It’s not every day that Valley RFC gets to spend some quality time together – fixture lists have seen to that over the last few seasons for sure – but this was the mother of all get togethers – a bus booked under the name of Scum Bulls, a restaurant booked under the name of Scum Sequins and a visit to the STD clinic booked under the name of Greg. Wan Chai shop owners have all ordered a sh!t load more Hawaiian Shirts because apparently it is this year’s must have fashion accessory. Many were heard laughing as they managed to get rid of stock that went out of date when Noah was a lad.

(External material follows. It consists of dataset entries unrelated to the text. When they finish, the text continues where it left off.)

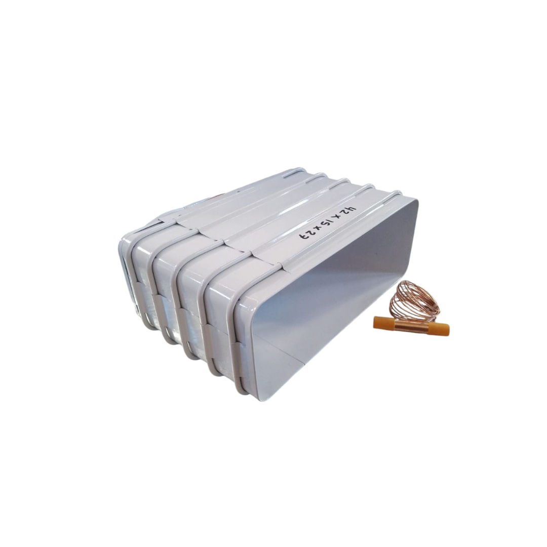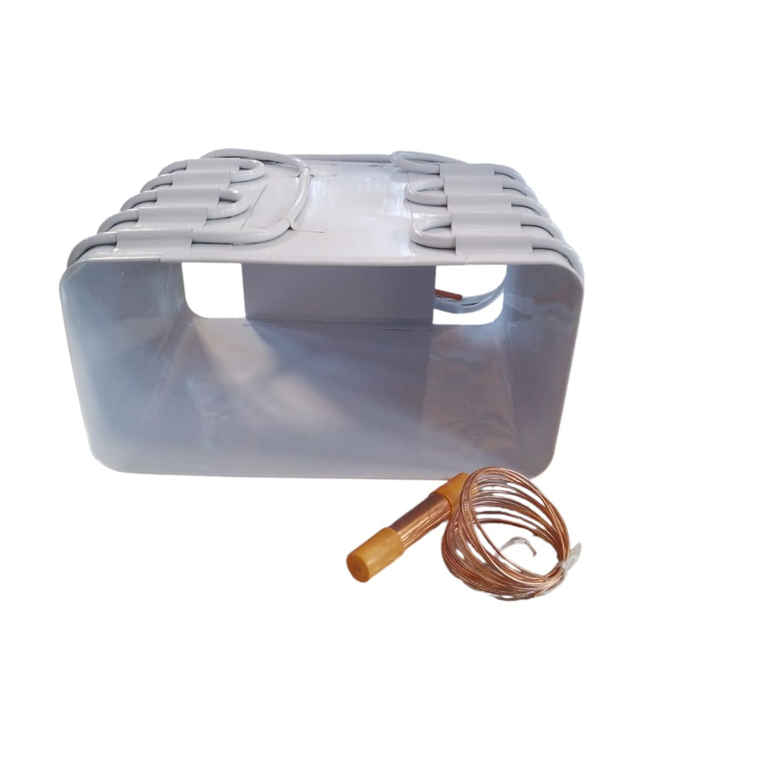Evaporador compacto con serpentín superior, diseñado para heladeras y freezers. Fabricado en chapa galvanizada con pintura epoxi termo convertible y capilar de cobre para una refrigeración eficiente y duradera.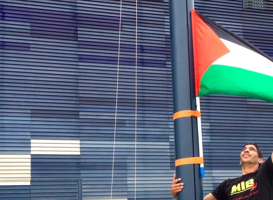 La polémique sur le drapeau de la Palestine que la municipalité a tardé jusqu'ici à dresser, cinq mois après le jumelage de Montpellier à la ville palestinienne de Bethléem (au privilège de l'étendard communal), étant bien présente en toile de fond de cette action, les manifestants ont ensuite quitté Grammont pour se rendre au nouvel hôtel de Ville de Montpellier, afin d'y dresser enfin, symboliquement, ledit drapeau palestinien. Avec en tête, les récentes déclarations de Richard Prasquier, le Président du CRIF (Conseil représentatif des Institutions juives), qui, comme l'a rapporté Midi Libre (08.06.12), a émis une « remarque critique » contre l'annonce effectuée par des représentants d'Hélène Mandroux, concernant le remplacement prochain du drapeau de Bethléem par celui de la Palestine.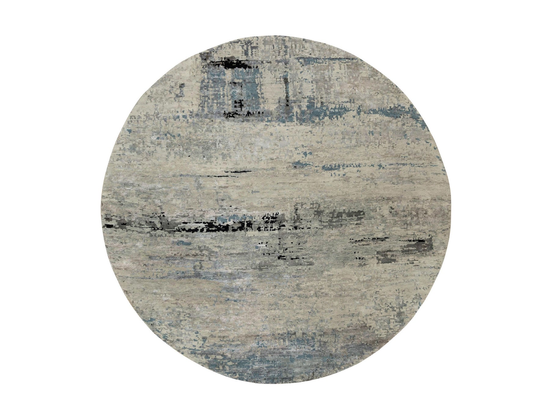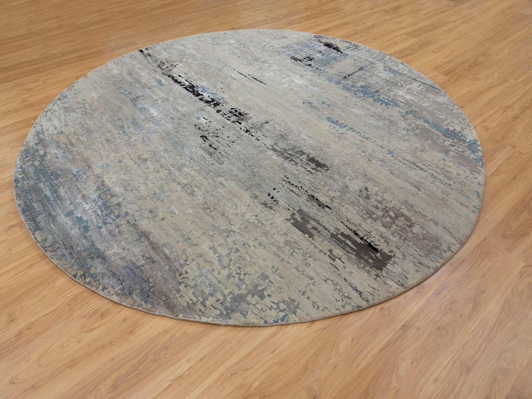 10'0" x 10'0" New Hand Knotted Beige Wool & Silk Round Oriental Rug - MOA10258480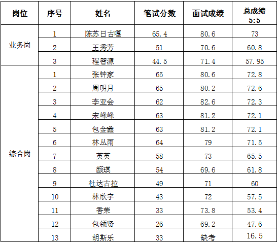 根據(jù)《內(nèi)蒙古農(nóng)村信用社2019-2020年度全區(qū)法人機(jī)構(gòu)應(yīng)屆高校畢業(yè)生校園招聘簡(jiǎn)章》要求,2019年12月2日,霍林郭勒市農(nóng)村信用合作社圓滿完成了2019-2020年度校園招聘面試工作。現(xiàn)將面試與筆試成績(jī)按照5:5比例加權(quán)計(jì)算結(jié)果予以公布。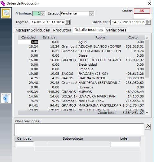 Programación de solicitudes de producción contra pedido o abastecimiento.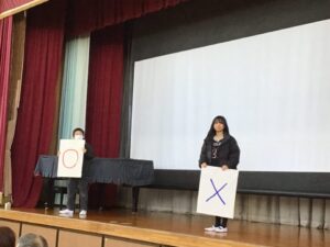 児童会のみなさんが、企画した〇×クイズがありました。それは、ボランティアさん一人ひとりの
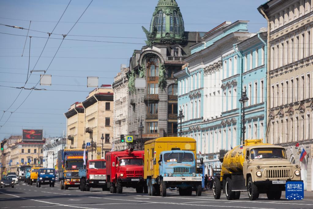 5月20日,各式老爺車在俄羅斯圣彼得堡街頭巡游。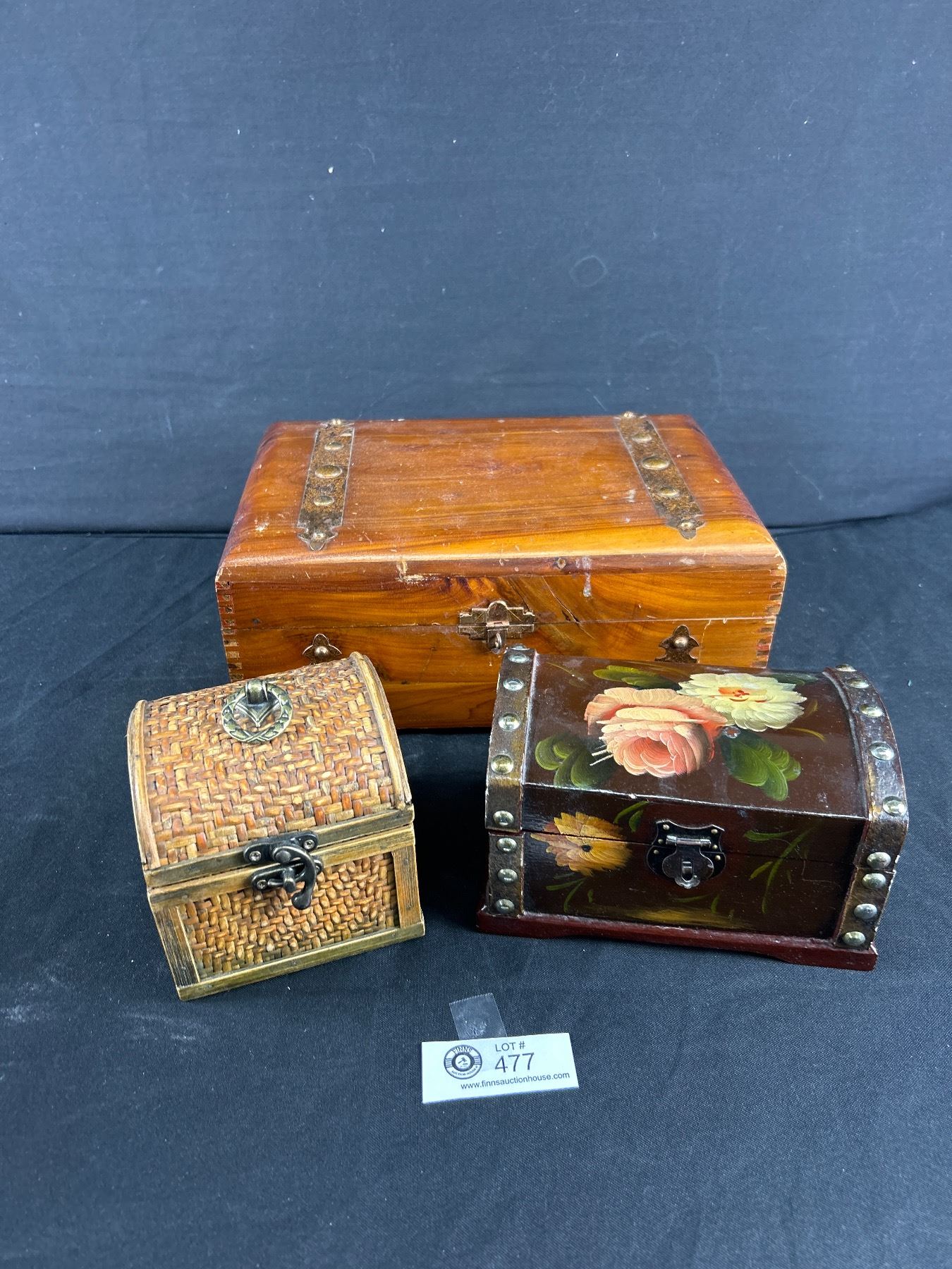 Lot Of 3 Storage Boxes. Largest Is Vintage Cedar & Approx. 12" x 8" x 5"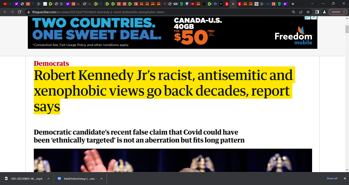 The Guardian is going full throttle against Bobby Kennedy Jr.; my take, when I check The 13 deadly Horsemen of the COVID Apocalypse list now circulating, I don't see Bobby's name; I am down with that!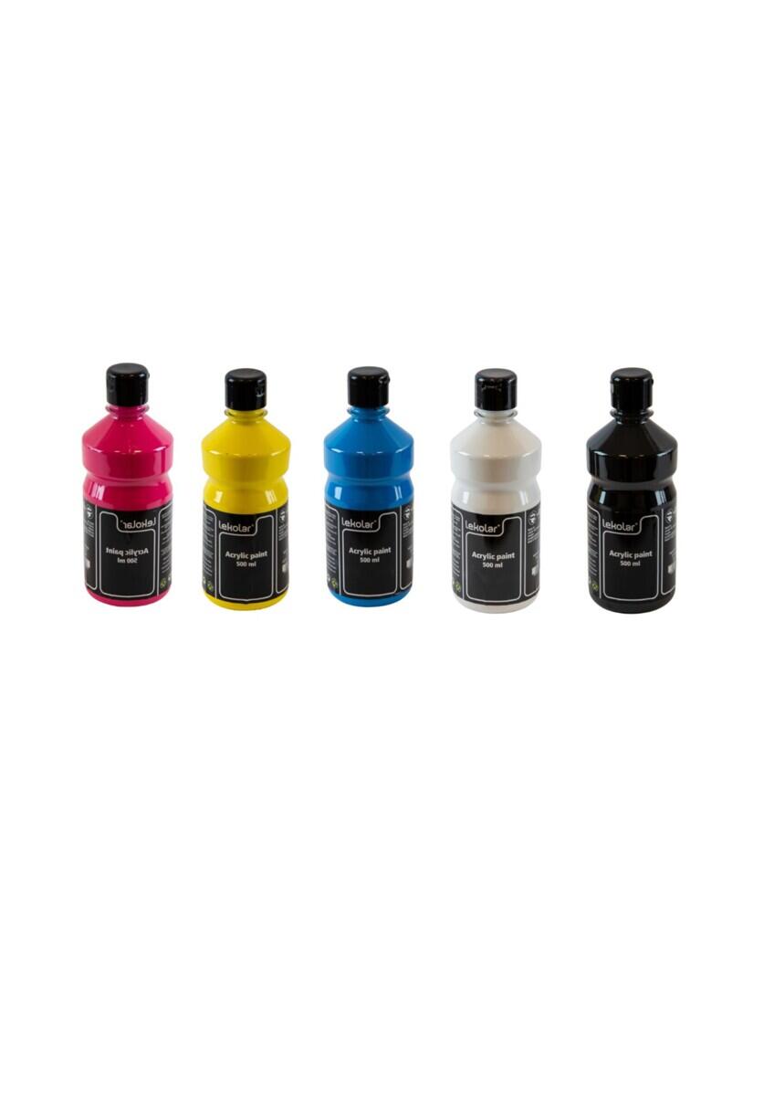 5x500 ml. Vannbasert og lysekte akrylmaling med høyt pigmentinnhold. Kan brukes på de fleste underlag som lerret, lerret, papir, tre og leire. Pensler og verktøy rengjøres i vann før malingen tørker. Gir en halvblank og vannfast overflate. Tørketid ca 15 min. Malingen kan smitte av før den er helt tørr, beskytt alltid klær og ømfintlige overflater. Komplett fargelæresett av akrylmalingen vår inneholder 1 flaske av hver primær gul, magenta, cyan, svart og hvit.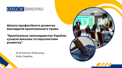 З метою підтримки професійного розвитку викладачів кримінального права закладів вищої освіти, Програма підтримки ОБСЄ для України у співпраці з Верховним Судом та у партнерстві з Національним юридичним університетом імені Ярослава Мудрого оголошує відбір учасників(ць) Школи професійного розвитку викладачів кримінального права "Кримінальне законодавство України: сучасні виклики та перспективи розвитку", яка відбудеться 8-10 лютого 2026 року в м. Києві.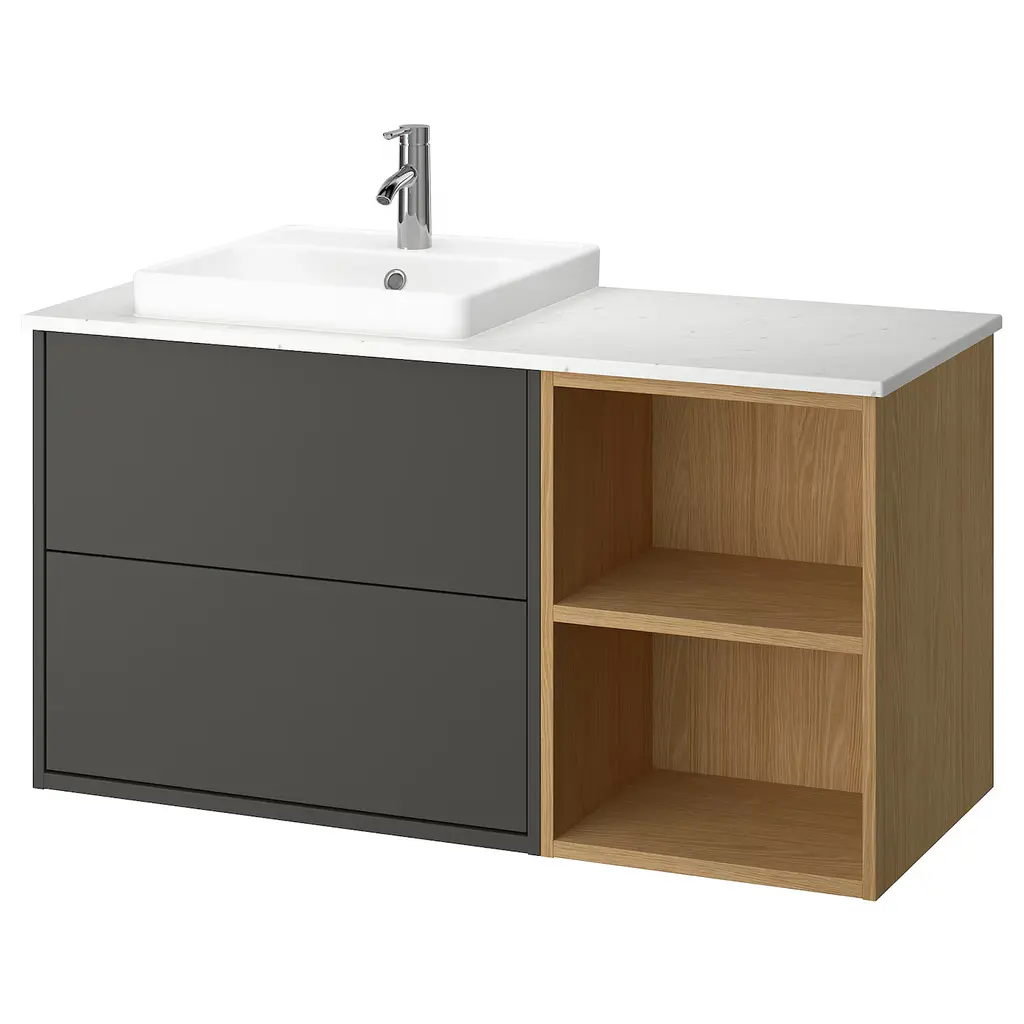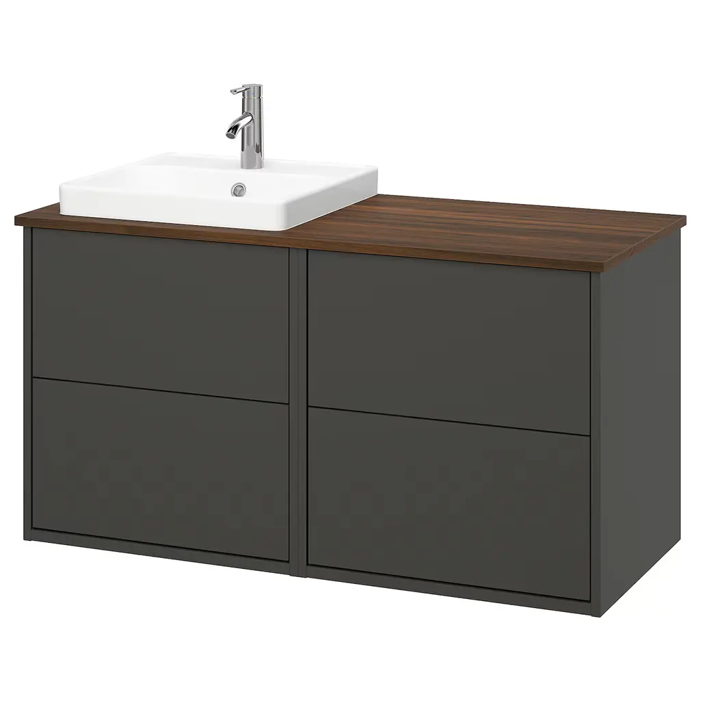 HAVBÄCK / ORRSJÖN Bathroom vanity wtih sink & faucet - dark gray/brown walnut effect 49x21 1/2x28 3/8 ". Depending on your space and needs, complete this solution with your choice of a mirror or mirror cabinet from our range, sold separately. This product bears the CE mark.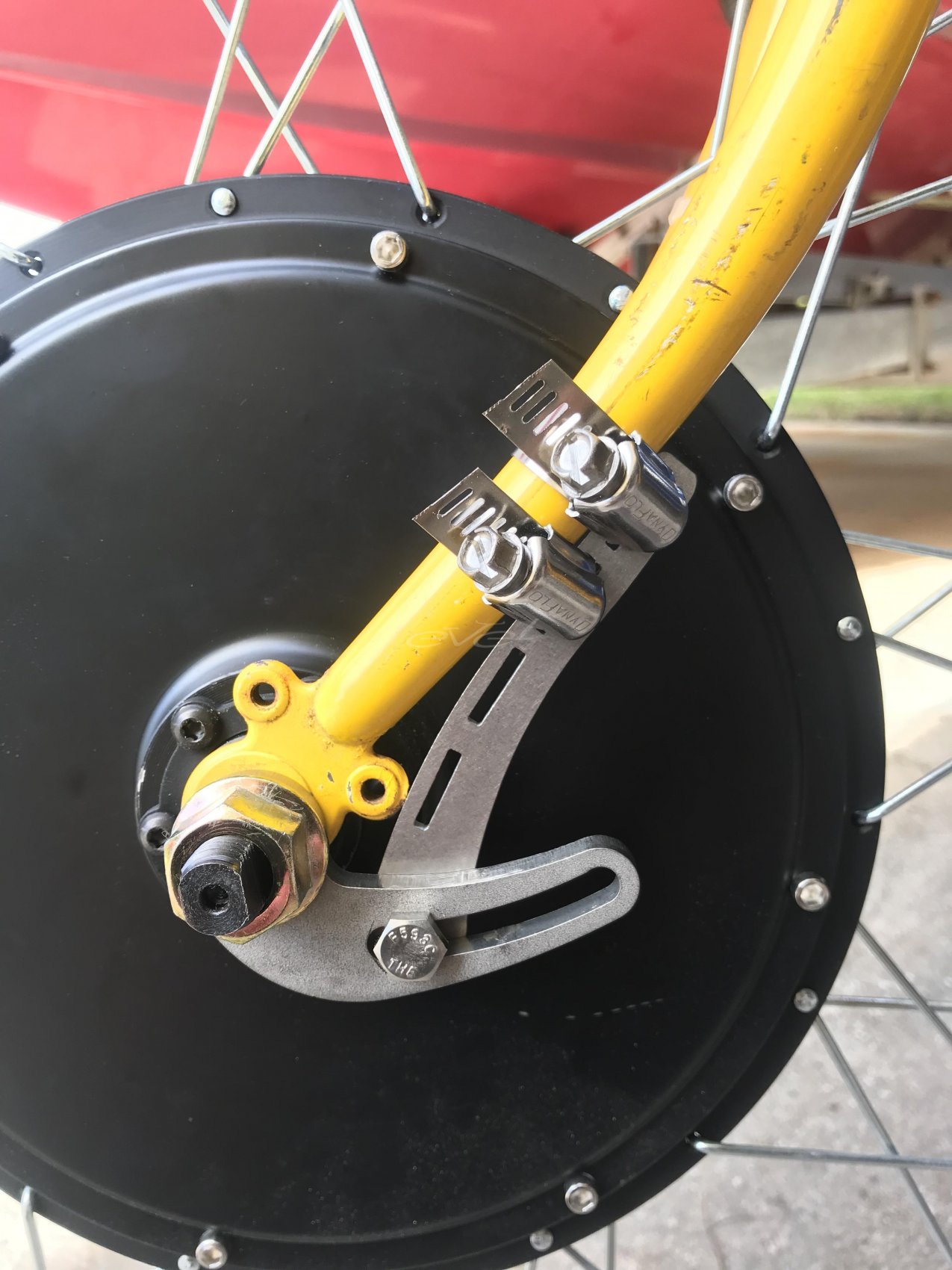 Пренебрегая усилением дропаутов можно получить печальный результат. Ось мотор-колеса является одним целым со статором. Поэтому фаска на оси — это упор статора, который передает реактивную крутящему моменту нагрузку на дропауты рамы. Если это соединение недостаточно крепкое — ось может попросту провернуться, а выходящий из нее провод перекрутится и порвется. Результат в лучшем случае — разогнутые дропауты (негодная рама), оборваные провода и сгоревшие датчики холла в мотор-колесе. В худшем — можно на ходу потерять колесо, получив травмы.

So to kick off we met at Typhoons to watch the match on two faded screens from the pavement – a shame to see that they have taken the Valley stuff down but at least they’ve gotten rid of their photos of the Ginger Prince Buckler the nomadic Taff. England showed that it was business as usual – all mouth and no trousers – a bit like their team hotel the previous weekend. Luckily the Valley Kiwis were very generous in their win and probably only mentioned the “Fukking useless Pommie C@nts” a few times during and after the match. The English were gracious in defeat preferring to pick on the lesser nations in the northern hemisphere to take deflect the attention to their shameful, woeful dog sh!t example of a team performance – Simon learned that Scotland may not have been the best team to single out on the bus on the way back from the meal. Imagine a Scottish version of Valley’s very own Mr Angry JC – only angrier and without a receding hairline. Not someone you’d trifle with – you could smell the sh!t from Simon’s pants as the Raging Sporren took exception to his feeble chants.
So to the meal – well what a fine eatery we chose – they kindly put a lot of thought into things that would travel the furthest but do the least damage at one point serving face flannels for the final course. I found half a fish head in my shirt pocket when I woke up on Sunday morning which is better than the crabs that Sammy found in his pants. All the teams were well represented – the Ones were treated to a pre season Juddy torso as he took his shirt off to display his guns – “more water pistols than Dirty Harry Magnums” (was a direct quote from Weasel who is having his own ones cosmetically enhanced with pig butt fat in Bangkok). The Knights were generally well represented and evenly balanced on both sides without Prav picking himself to be there as Head of the Table. The Tangs showed what the s3x offender’s register annual day trip to the seaside looks like. Les Broncos had a great turnout with the chef asking to borrow some of their chewing garlic for our food. The Griffs were also celebrating a stag do – Seb Nacho Libra showing why he is tipped to prop for the Ones next year with the body of a Spartan. The Ma Jais tried and tried to drink cartons of tea all night but in the end Forrest, Ed, Pheonix, Kevin and the boys got through at least one bottle of Blue Girl between them. The youngsters were chaperoned by Charlie and Jonny who ensured that they got so hammered they were throwing up and pi$$ing on the bus just like a normal school trip.
The fines and awards went extremely well with Riebe being the most consistent Yank the club has ever known. It’s hard to believe that he used to be the 110 hurdles high school winner and was the Regional Young Offenders champion in 1956. The journey back to the bus was quite eventful with Greg choosing to show us how he intended to overcome his fear of water and sharks in one go – the photos show a technique often referred to as “sheer fukking stupidity” that endeared him to all of the locals – Sammy tried to get a poodle that was wearing pink hotpants off it’s owner and throw it into the tank but the b!tch wasn’t having any of it and neither was the dog. The bus back was a quiet time for us all to reflect on just what it means to be a Valley man. This period of reflection was broken only by excessive drinking and shouting interspersed with the odd impromptu wrestling match. Wan Chai was a bomb burst but Shore Leave Guards were glad that we could take the emphasis off the sailors who kept telling us we were “fukking awesome dudes” It was just like having Liptak around.
Great night guys and lets try not to leave it a whole year before we do it again eh?